SAMPIT – Komite Olahraga Nasional Indonesia (KONI) Kabupaten Kotawaringin Timur (Kotim) mengaku belum dapat bergerak maksimal dalam persiapan menghadapi Pekan Olahraga Provinsi (Porprov) Kalimantan Tengah Tahun 2026. Hingga kini, anggaran hibah daerah untuk KONI belum juga dicairkan, sehingga proses seleksi atlet dan persiapan cabang olahraga (cabor) masih tertahan.
Ketua Umum KONI Kotim periode 2025–2029, Alexius Esliter, mengungkapkan kondisi tersebut saat mengikuti rapat dengar pendapat (RDP) bersama Komisi III DPRD Kotim yang membahas pengelolaan hibah daerah untuk KONI serta kesiapan menghadapi Porprov 2026.
“Ini sebenarnya merupakan rapat kedua yang kami sampaikan. Untuk kepengurusan, kami masih dalam proses pengajuan pergantian bendahara karena yang lama mengundurkan diri,” ujarnya, Kamis 19 Februari 2026.
Alexius menjelaskan, saat ini KONI Kotim tengah mengajukan Ibu Rini sebagai bendahara dan Aris Wibowo sebagai wakil bendahara, yang masih dalam proses administrasi. Selain itu, posisi Wakil Ketua I juga diusulkan diisi oleh Johny Tangkere.
Di tengah proses internal tersebut, KONI Kotim belum menerima pencairan anggaran sama sekali, sehingga tidak bisa melakukan langkah teknis persiapan.
Menurutnya, kondisi ini cukup memprihatinkan mengingat Kotim selama ini dikenal sebagai barometer olahraga di Kalimantan Tengah.

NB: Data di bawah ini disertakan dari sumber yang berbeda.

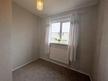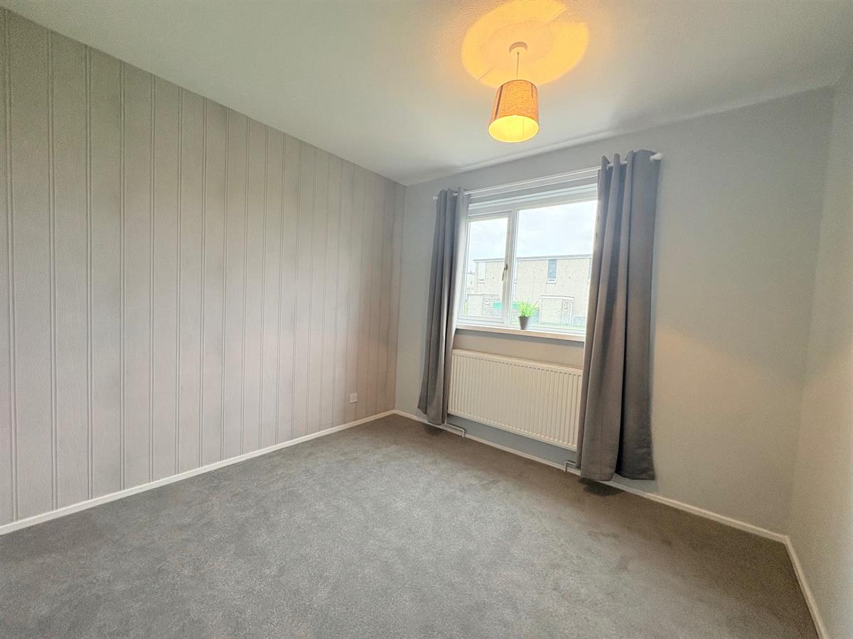 White door with silver handle upon entry, dark grey carpet, white skirting boards, light grey painted walls, one light grey wallpapered wall, one window overlooking rear, one single plug socket, one white radiator.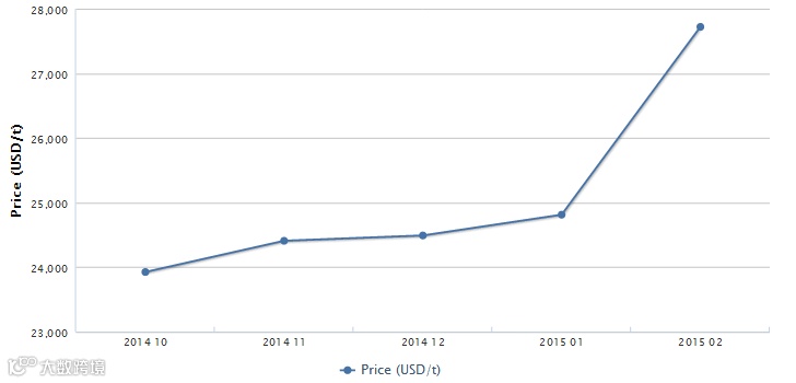维生素B12(1%饲料级)市场价格, 201410-201502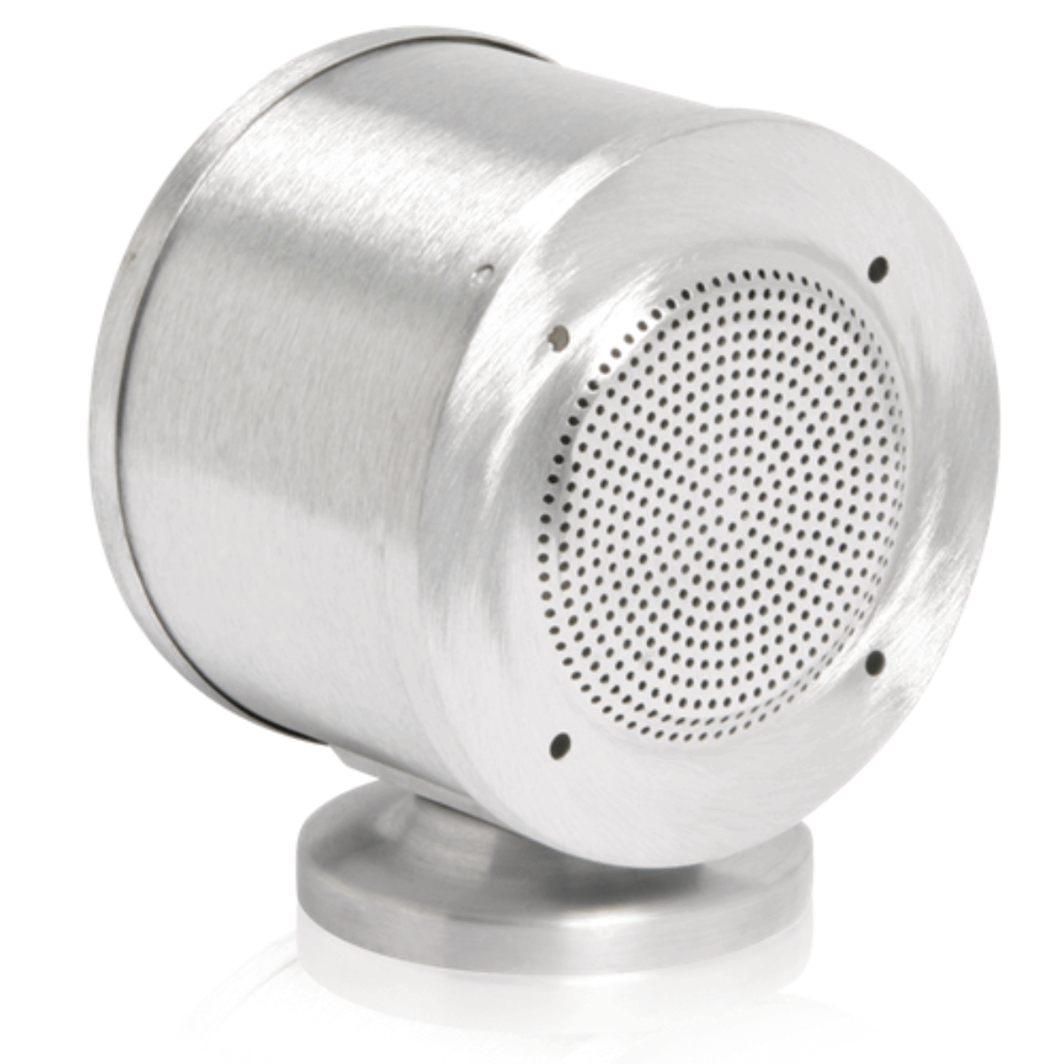 This compact aluminum baffle/enclosure is identical to the 410 Series with the addition of a circular mounting canopy complete with mounting hardware and second grille to enable bi-directional sound dispersion. Model 510-4 mounts a standard 4" (102mm) speaker. Aluminum housing is patch-jute lined and undercoated to allow clear, audible speaker performance by preventing mechanical and acoustic resonance. One grille per unit includes studs for convenient speaker mounting. Complete assembly installs to a 4" (102mm) octagon E.O. box (by others). Finished in satin brushed aluminum.

Pada Porprov sebelumnya, Kotim berhasil keluar sebagai juara umum. Namun, untuk Porprov 2026, KONI Kotim justru berada dalam posisi tertinggal dibandingkan kabupaten lain yang sudah lebih siap secara anggaran.

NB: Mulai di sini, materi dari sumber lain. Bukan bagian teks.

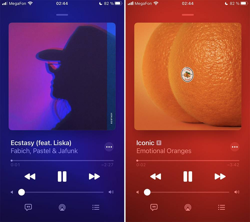 Многим понравился «баг» музыкального плеера iOS 13: цветной фон режима Текст, отображающийся на основной странице воспроизведения. Apple он тоже понравился, поэтому в iOS 14 такой фон используется по умолчанию. Он подстраивается под цвета обложки альбома и переливается, наполняя ранее строгий плеер сочными оттенками.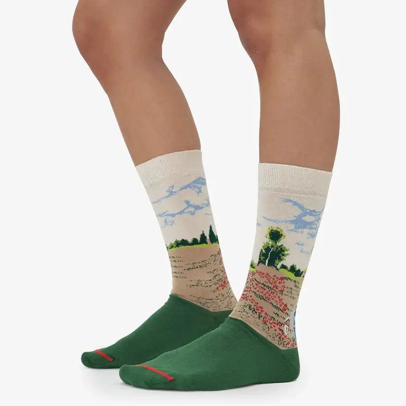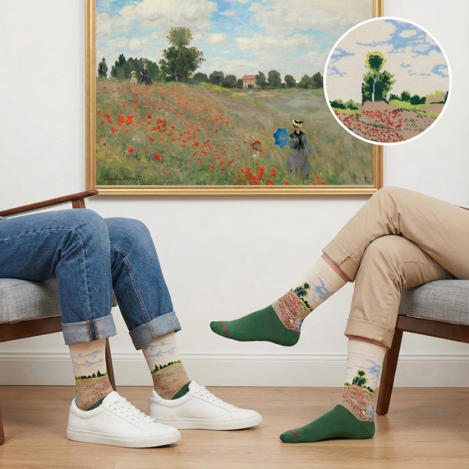 Zelene i bež čarape s printom polja maka kod Argenteuila Claudea Moneta
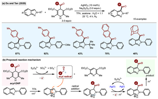 Du and Tan reported the synthesis of 3-acylated 2H-indazoles (Scheme 8) using acyl-1,4-DHPs and a classic Minisci oxidative system: AgNO3/Na2S2O8 [26]. 2H-Indazoles are common motifs in bioactive natural products and pharmaceutical agents as bioisosteres of indoles, benzimidazoles and purines. The reaction was successful for 2-aryl- and 2-alkyl-substituted 2H-indazoles, although alkyl groups gave lower yields.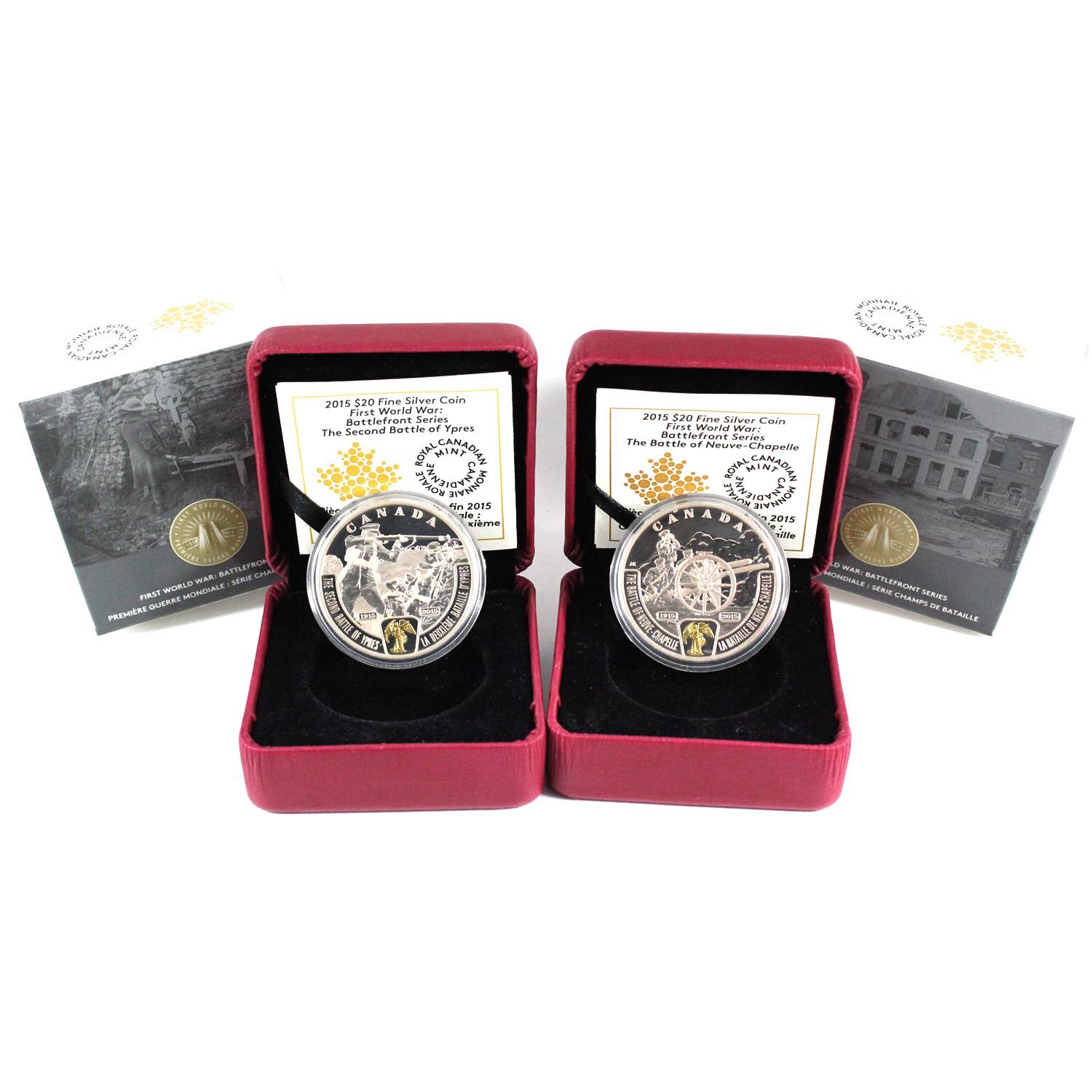 2015 Canada $20 WWI Battlefront - The Second Battle of Ypres & Battle of Neuve-Chapelle Fine Silver Coins (Ypres capsule lightly scratched & coins are toned). 2pcs (TAX Exempt)

“Kami sempat bertanya dengan pengurus KONI kabupaten lain. Contohnya Kabupaten Barito Utara, anggaran mereka sampai Rp8 miliar. Sementara kita di Kotim sampai sekarang belum jelas anggarannya,” ungkap Alexius.

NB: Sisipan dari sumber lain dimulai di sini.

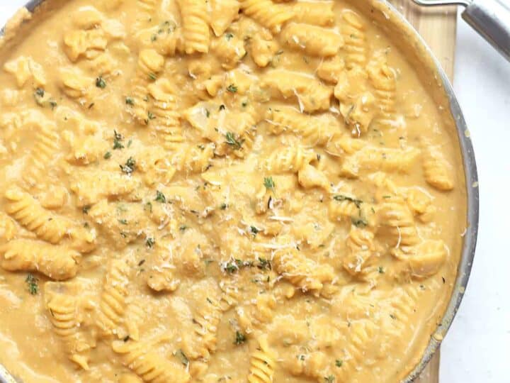 This quick and easy pasta sauce is a tasty way to make the most of canned pumpkin puree. This creamy pumpkin pasta sauce is flavored with blue cheese and sage for a simple and delicious family weeknight meal.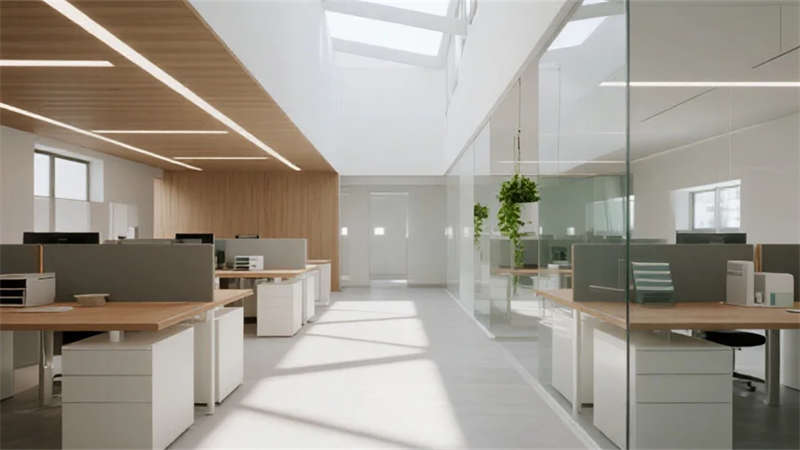 內(nèi)部空間聚焦人性化體驗(yàn):開放式辦公區(qū)借由落地窗引入充沛自然光,搭配原木元素軟化工作氛圍;會(huì)議室以通透玻璃隔斷實(shí)現(xiàn)靈活協(xié)作;休閑咖啡區(qū)則通過暖調(diào)燈光與弧形家具構(gòu)建松弛社交場(chǎng)景。屋頂花園將城市景觀轉(zhuǎn)化為員工休憩靈感源,模糊室內(nèi)外界限。
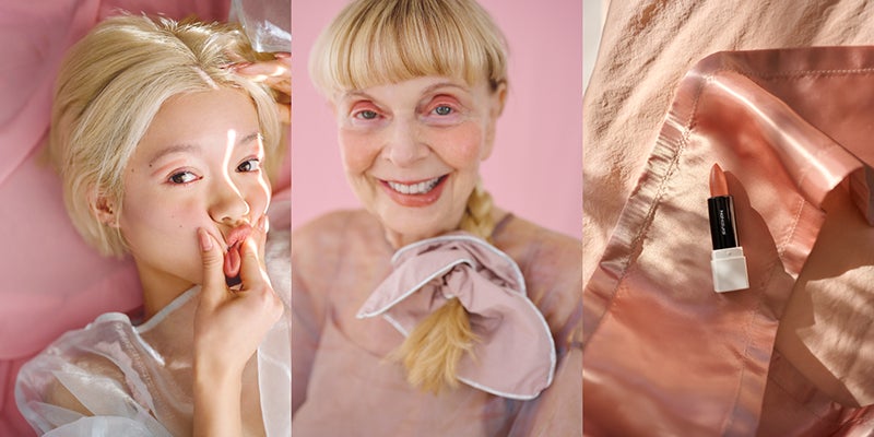 ありのままの体や心を受け入れることができた瞬間を撮影し、セルフラブを応援する花盛友里氏のプロジェクト活動『脱いでみた。』をコンセプトの軸として開発した、裸の心に寄り添うようなピーチベージュカラーは、光を帯びるとイエローラメが大胆にきらめき、顔全体にいきいきとした血色感と立体感を与えます。 天然のマイカ(雲母という天然鉱物を加工したもの)を使用したラメは、滑らかな着け心地で、唇、頬、目元、どこに塗ってもストレスフリーです。

Ia pun mempertanyakan apakah masih ada trauma masa lalu yang membuat pencairan anggaran menjadi lambat. Kondisi tersebut berdampak langsung pada persiapan atlet.
Hampir setiap hari, para ketua cabor mendatangi KONI Kotim untuk menanyakan kepastian persiapan Porprov. Alexius menyebut, KONI sebenarnya telah meminta daftar atlet dari masing-masing cabor. Namun, untuk mendapatkan data atlet yang valid, setiap cabor harus melakukan seleksi terlebih dahulu, dan seleksi itu membutuhkan anggaran.
“Kalau anggaran masuk, kita langsung lakukan seleksi dengan semua cabor yang sudah siap. Pendaftaran cabor Porprov sudah dibuka mulai 2 Februari sampai 10 April 2026,” jelasnya.
Karena itu, kesiapan Kotim sepenuhnya bergantung pada kepastian anggaran dari Dinas Pemuda dan Olahraga (Dispora), mengingat KONI berada di bawah Dispora.
Ia juga mengungkapkan bahwa pelaksanaan Porprov 2026 sebenarnya telah ditetapkan oleh pemerintah provinsi sejak November tahun lalu. Namun, informasi tersebut dinilai terlambat tersampaikan ke tingkat kabupaten. Porprov 2026 sendiri akan digelar di Kabupaten Kotawaringin Barat.
Alexius menegaskan, lambannya pergerakan KONI selama ini bukan karena kurangnya komitmen, melainkan karena belum adanya anggaran yang masuk. Dengan adanya RDP bersama DPRD Kotim, ia merasa lebih mantap karena kejelasan anggaran kini memiliki dasar hukum yang jelas.
“Ranah KONI itu pembinaan, sedangkan anggaran ada di Dispora. Selama ini Dispora belum berani mencairkan karena belum jelas. Dengan RDP ini, semuanya sudah jelas karena ini produk hukum,” tegasnya.
Meski demikian, KONI Kotim memastikan tetap akan mengikuti Porprov 2026. Namun, jumlah cabor yang diikutsertakan nantinya akan disesuaikan dengan skala prioritas dan kemampuan anggaran. Alexius tetap optimistis Kotim mampu bersaing dan mempertahankan prestasi.
“Untuk optimis, saya melihat semangat kawan-kawan cabor masih sangat tinggi. Juara itu tergantung dari semangat mereka, dan saya lihat semangat itu masih ada,” pungkasnya.